John Cederquist
April 15 - June 7, 2003
In his seventh solo exhibition in this gallery, Furniture That Builds Itself, John Cederquist faces off images of de-construction with busy cartoon hand images in the midst of re-construction.
Invoking perception as a consummate theme over the past decade, Cederquist has examined subjects ranging from historical western furniture to Popeye cartoons, to 17th Century Japanese kosade to 19th Century Japanese prints. Throughout these works, realistic renditions of haphazardly opened wood crates and randomly broken planks serve to literally provide a frame of reference and sense of scale for his transported imagery. In this series, Cederquist takes that thematic format to its next logical stage of progression – the creative process itself.

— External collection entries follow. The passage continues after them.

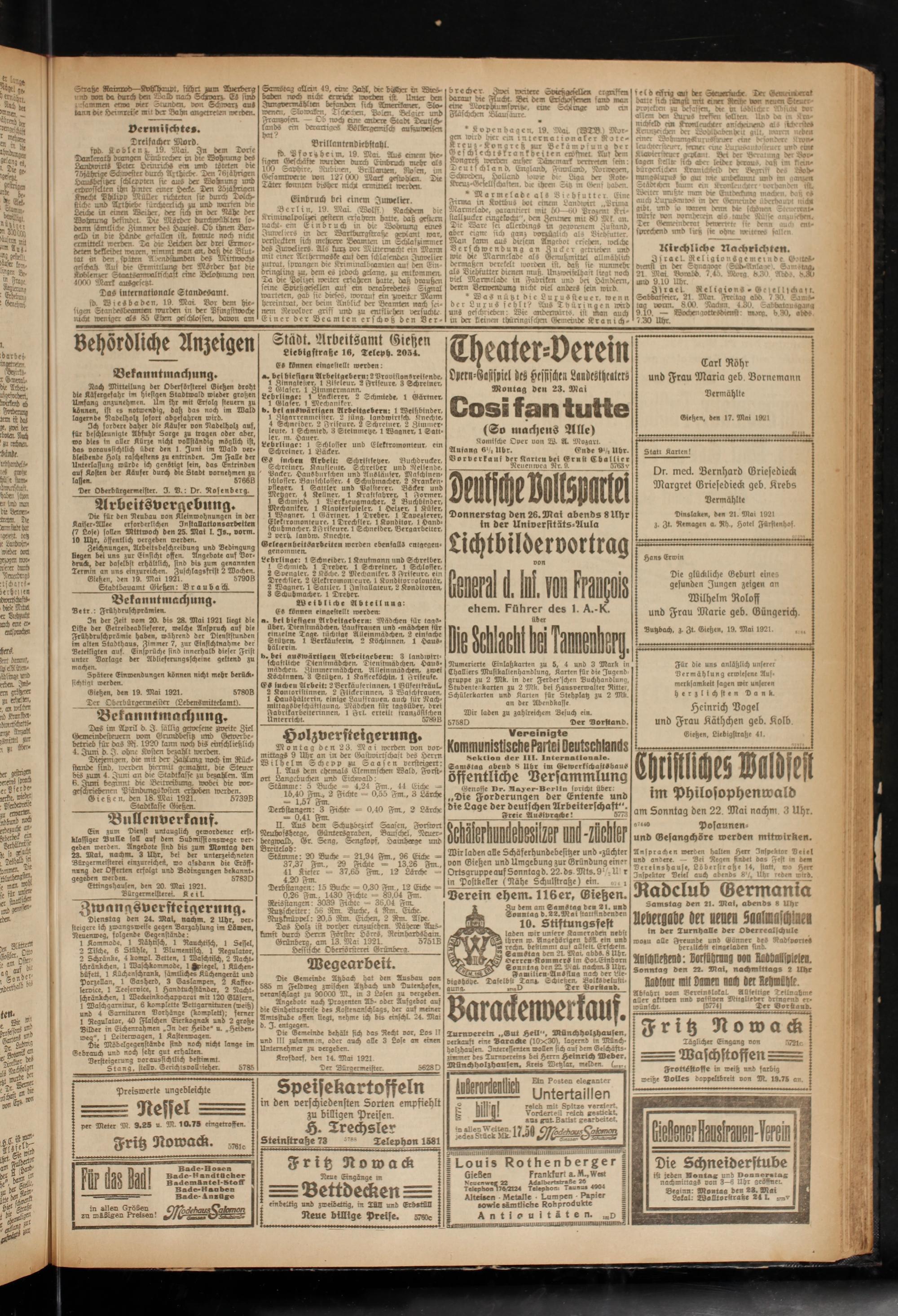 Butzbach, z. It. Gießen, 19. Mai 1921.
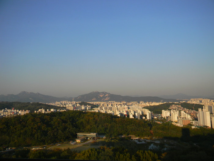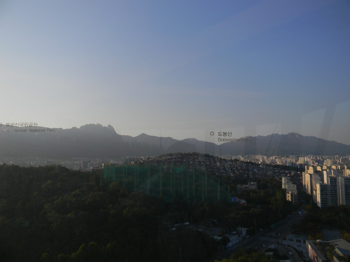 10. 전망대에서 바라본 도봉산(왼쪽 산)과 도봉구, 강북구, 노원구, 수락산(오른쪽 산)
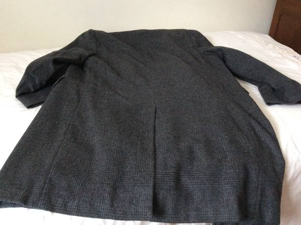 Union made in the USA. 1940's knee-length wool coat with a zip-out removeable liner and a pinstripe satin lining. Size 40? Gentry by Penney's. Nice warm coat. Excellent condition, clean. $35 cash
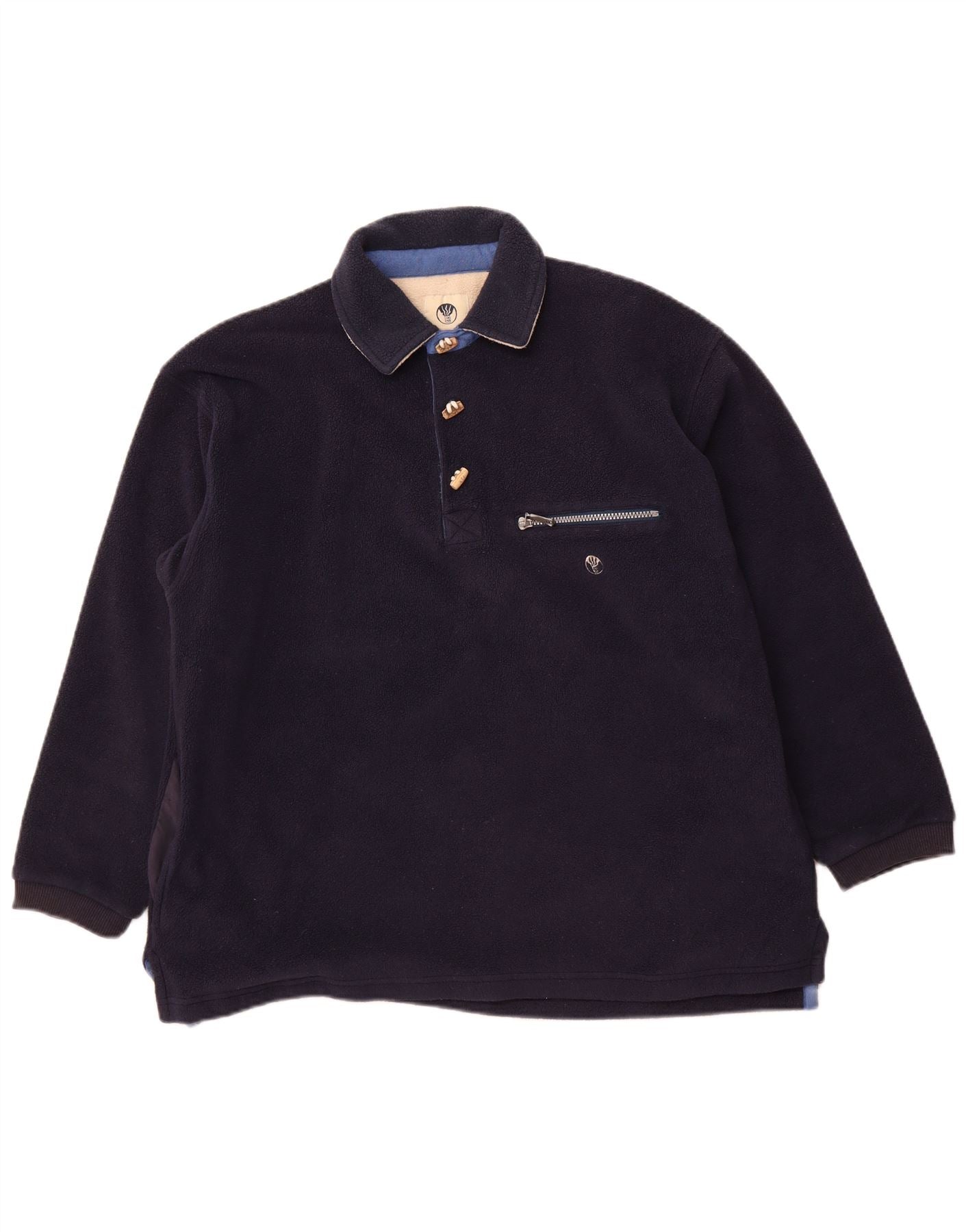 FAT FACE Herren-Fleecepullover mit Polokragen, mittelblaues Polyester
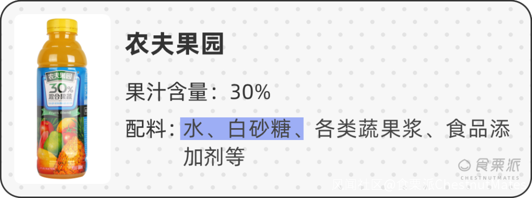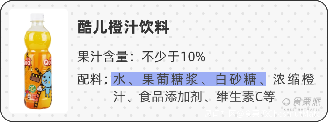 國標規定,這類果汁飲料的**果蔬汁含量≥10%**就可以了,所以配料表上往往是水和白砂糖排在第一、二位。
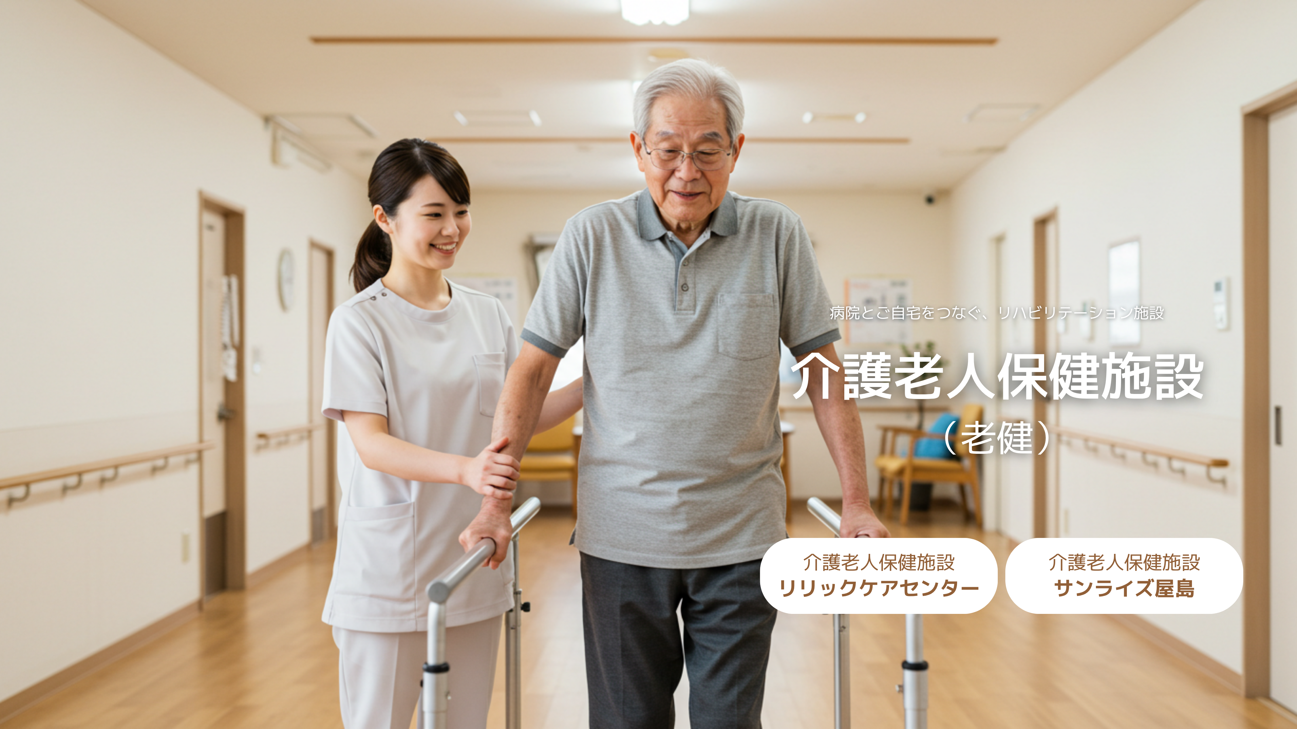 介護老人保健施設(略して「老健」とも呼ばれます)は、病院での治療を終えた高齢者の方などが、再びご自宅で安定した生活が送れるように、リハビリテーションを中心としたケアを行う施設です。
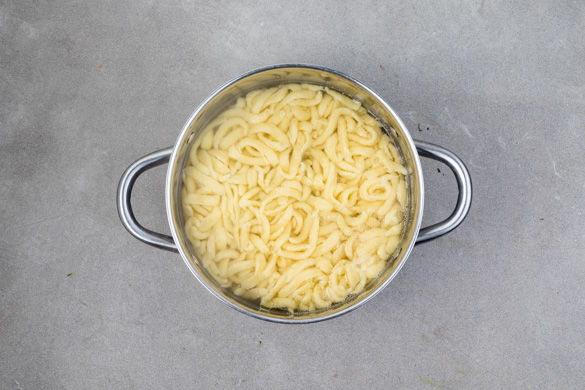 Die Spätzle in das kochende Wasser geben und in ca. 3–5Min. bissfest kochen. In ein Sieb abgießen und abtropfen lassen.

Here Cederquist revisits images that have cropped up in his work throughout the past fifteen years. The Missing Finial of the Museum of Fine Arts Boston's Townsend Chest (initially referred to in Le Flueron Manquant, 1989) can be found in the chair entitled, The Finial That Found Itself, 2002. The bending paintbrush in Strokes of Genius, 1994 is actively engaged in Collaboration With Roy, 2002. And also Olive Oil's two right feet from his early leather sculpture entitled Olive's Shoes, 1988 are given a two-dimensional dancing partner in Flat Foot Floogie Builds A Bench, 2003.
Wielding a variety of hand tools, cartoon-like three fingered hands attached to long swooping black arms assert their presence within images of haphazard crates, dancing planks and appropriated Hiroshige waves. In Hydroplaning in Japan with the Stanley Brothers, a series of these hands pushing wood planes, seem to actively peel away the chest's fictitious façade to make way for its irrepressible interior. By depicting both motion and containment within the same object, Cederquist further engages the conflict of two-dimensional versus three-dimensional rendition. Here he provides us with the hope of finding visual pleasures within a confluence of dimensions and seduces us into momentarily abandoning what we "know" to be true in favor of believing what "appears" to be true.